DATA SHOWN Block Start

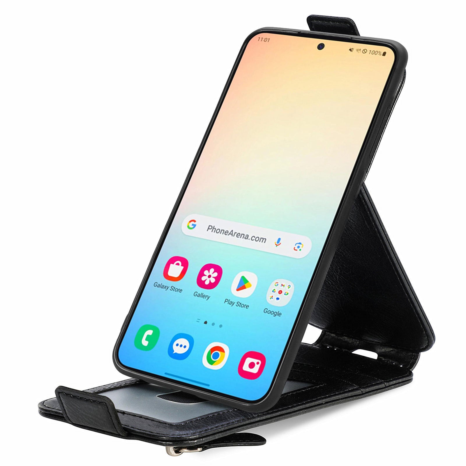 - Vertical-flip type leather case, opens down for easy operation with one hand
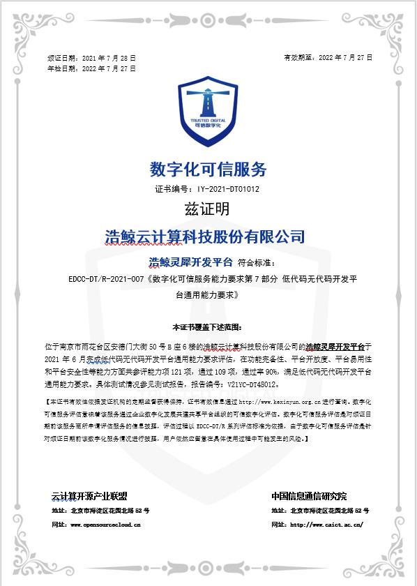 浩鲸科技也成为国内首批通过信通院“低代码无代码开发平台通用能力评测”的四家企业之一,再次体现了浩鲸科技在数字化转型和云原生领域的技术能力。
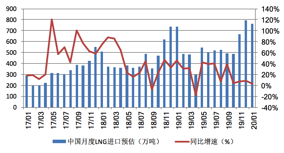 新華能源E-gas數(shù)據(jù)平臺(tái)的預(yù)測結(jié)果顯示,2020年1月份,中國LNG進(jìn)口量預(yù)計(jì)為763萬噸,較去年同期增長3.4%,較2019年12月減少3.9%。

DATA SHOWN Block End

| TASK TO CARRY OUT |
Exact output of each line above is wanted, without the pictures.

| RESULT |
 - Vertical-flip type leather case, opens down for easy operation with one hand
 浩鲸科技也成为国内首批通过信通院“低代码无代码开发平台通用能力评测”的四家企业之一,再次体现了浩鲸科技在数字化转型和云原生领域的技术能力。
 新華能源E-gas數(shù)據(jù)平臺(tái)的預(yù)測結(jié)果顯示,2020年1月份,中國LNG進(jìn)口量預(yù)計(jì)為763萬噸,較去年同期增長3.4%,較2019年12月減少3.9%。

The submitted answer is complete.